Clustrix just exhibited at two good shows: Structure and Velocity. I spent my time at Structure. One of the highlights of the show for Clustrix was the The Future of SQL In the Cloud panel that Paul was on. There was some good discussion about SQL vs. NoSQL and different products available for scaling your database. The title is a bit of a misnomer, however. Database challenges are orthogonal to the cloud. The database is a critical challenge no matter how the application is deployed.

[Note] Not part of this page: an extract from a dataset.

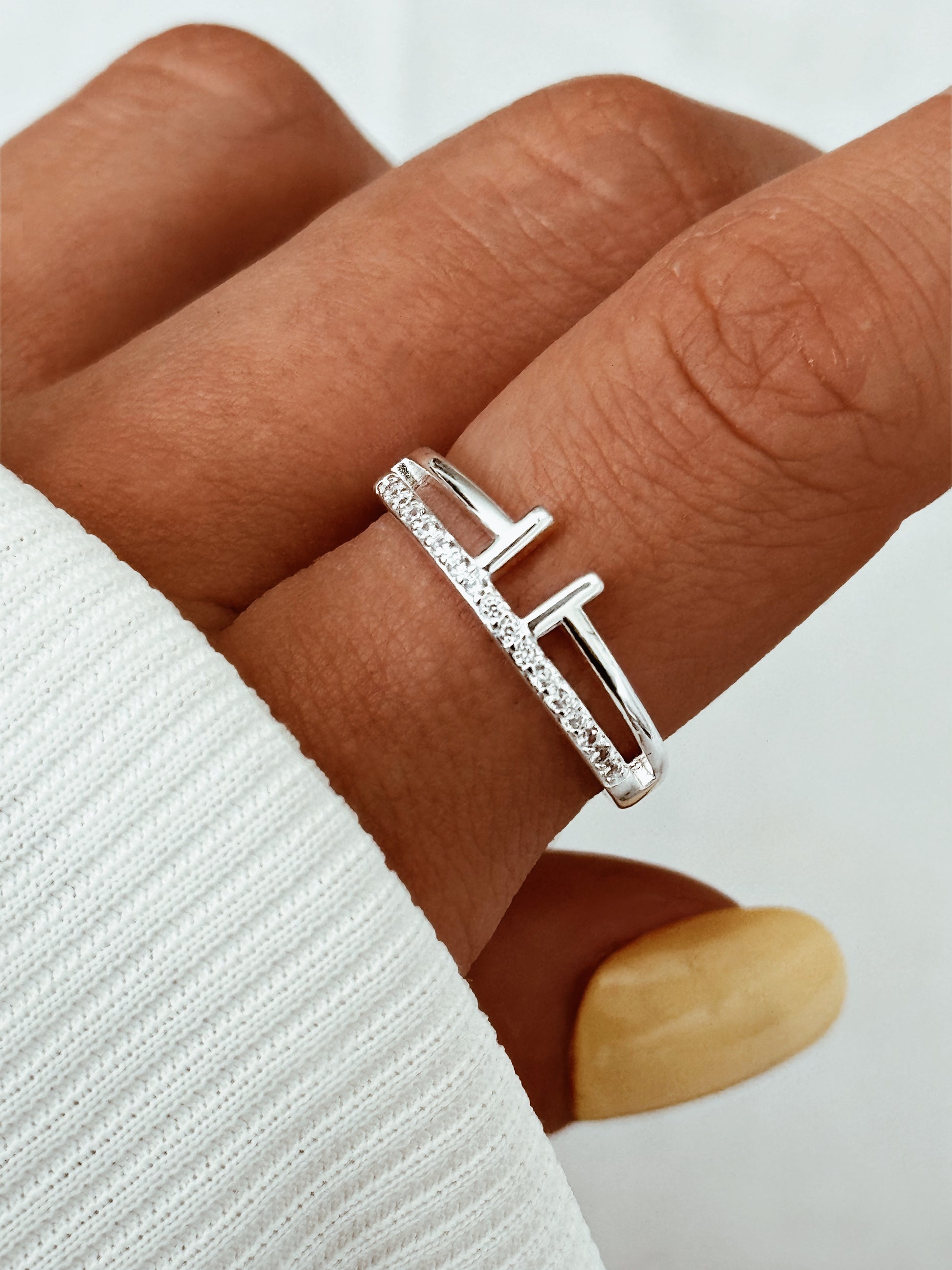 ✨ T-Bar Pavé Ring – 925 Sterling Silver + Cubic Zirconia

But this isn’t what surprised me the most at Structure. That came in the How Does a Company Scale in Real Time? panel. This panel had representatives from PayPal, Engine Yard, Yahoo!, Facebook, and Zynga. These panelists are all responsible for ensuring their products continue to function smoothly. These companies are all recognizable and successful. I was really hoping to hear some good insight into operating large scale web properties and perhaps some good advice for new web startups. I think the money question came at around 16:30 in the video. Jonathan asks the panelists to rewind the clock and say what they would do differently and to give advice to startups for what they should focus on to avoid application bottlenecks. There was a lot of advice offered. There was talk of establishing a single-signon infrastructure. There was emphasis on avoiding SQL entirely, saying it is far and away the biggest scalability problem in web architectures today. There was a suggestion you should invest up front in separating out your architecture. You should think hard about the abstraction layers in key parts of your system and get the infrastructure right first. Another talks about getting the right instrumentation and metrics in your application. You should put in the right levels of abstraction, and the right levels of caching. You need to force yourself to run your application on two servers. Think about sharding and replicating at the beginning and force your scaling challenges to come up in advance before you have to scale.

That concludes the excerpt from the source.